GOAL OF THE EXERCISE. Although the data below contains pictures, please reproduce only its words, exactly.

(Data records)
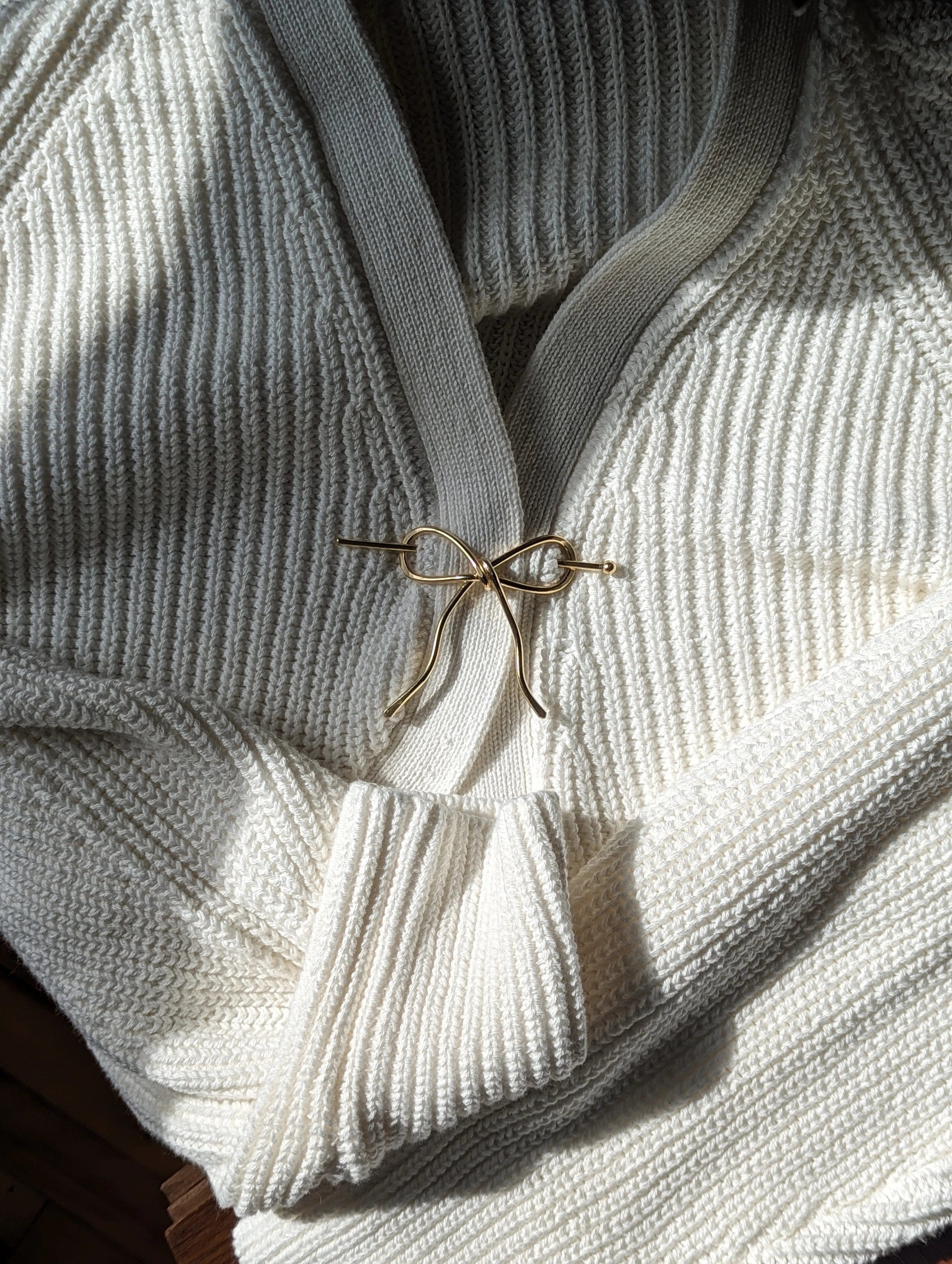 Slight hammered textured on each edge of the bow and the paddle shaped tail ends.
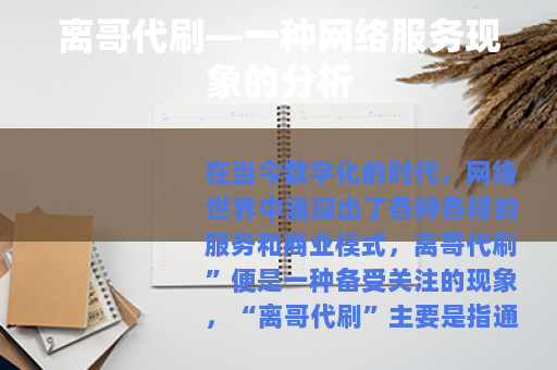 在未来,随着技术的不断进步和网络环境的日益规范,“离哥代刷”这种现象可能会逐渐受到更严格的监管和限制,但与此同时,也需要我们共同努力,探索出更加合理、有效的网络营销和推广方式,让网络世界能够真正成为一个公平、健康、充满活力的交流和发展平台,让每一个用户都能够通过真实的努力和才华在其中实现自己的价值和梦想,我们才能在享受网络带来的便利和机遇的同时,避免陷入虚假数据和不正当竞争的怪圈,共同营造一个积极向上的网络社会。
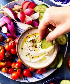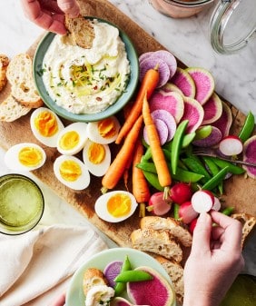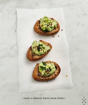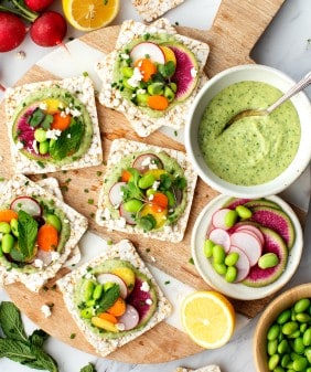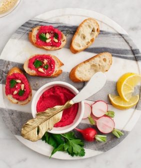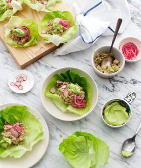 Edamame Hummus & Radish Crostini- Mushroom & Quinoa Lettuce Wraps
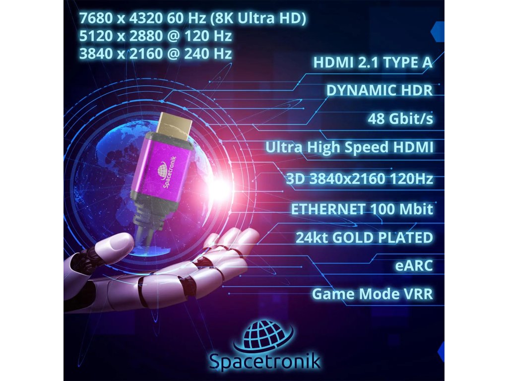 HDMI 2.1 8K Spacetronik SH-SPR015 1,5 m kábel
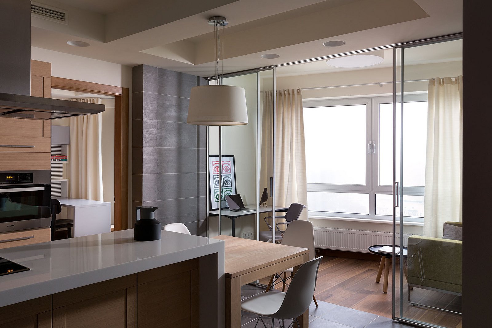 In the future, it can become a bar, an additional work surface or just a stand for flowers or an aquarium.
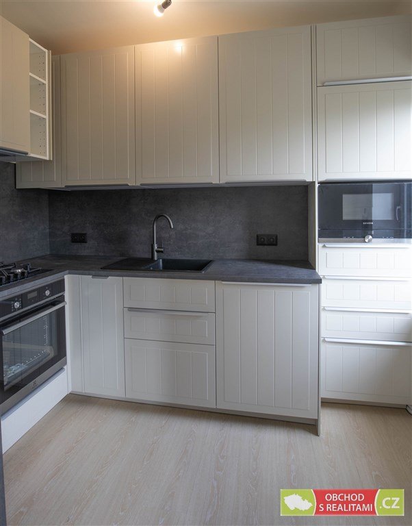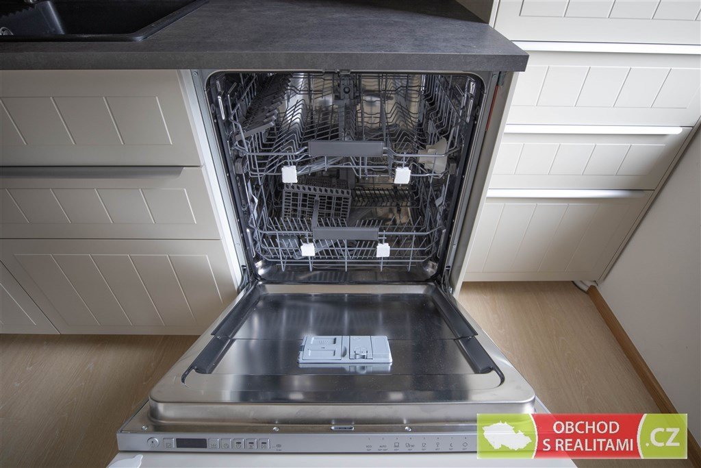 Vybavením bytu je nová kuchyňská linka s myčkou nádobí, elektrickou

EXPECTED ANSWER.
 Slight hammered textured on each edge of the bow and the paddle shaped tail ends.
 在未来,随着技术的不断进步和网络环境的日益规范,“离哥代刷”这种现象可能会逐渐受到更严格的监管和限制,但与此同时,也需要我们共同努力,探索出更加合理、有效的网络营销和推广方式,让网络世界能够真正成为一个公平、健康、充满活力的交流和发展平台,让每一个用户都能够通过真实的努力和才华在其中实现自己的价值和梦想,我们才能在享受网络带来的便利和机遇的同时,避免陷入虚假数据和不正当竞争的怪圈,共同营造一个积极向上的网络社会。
 Edamame Hummus & Radish Crostini- Mushroom & Quinoa Lettuce Wraps
 HDMI 2.1 8K Spacetronik SH-SPR015 1,5 m kábel
 In the future, it can become a bar, an additional work surface or just a stand for flowers or an aquarium.
 Vybavením bytu je nová kuchyňská linka s myčkou nádobí, elektrickou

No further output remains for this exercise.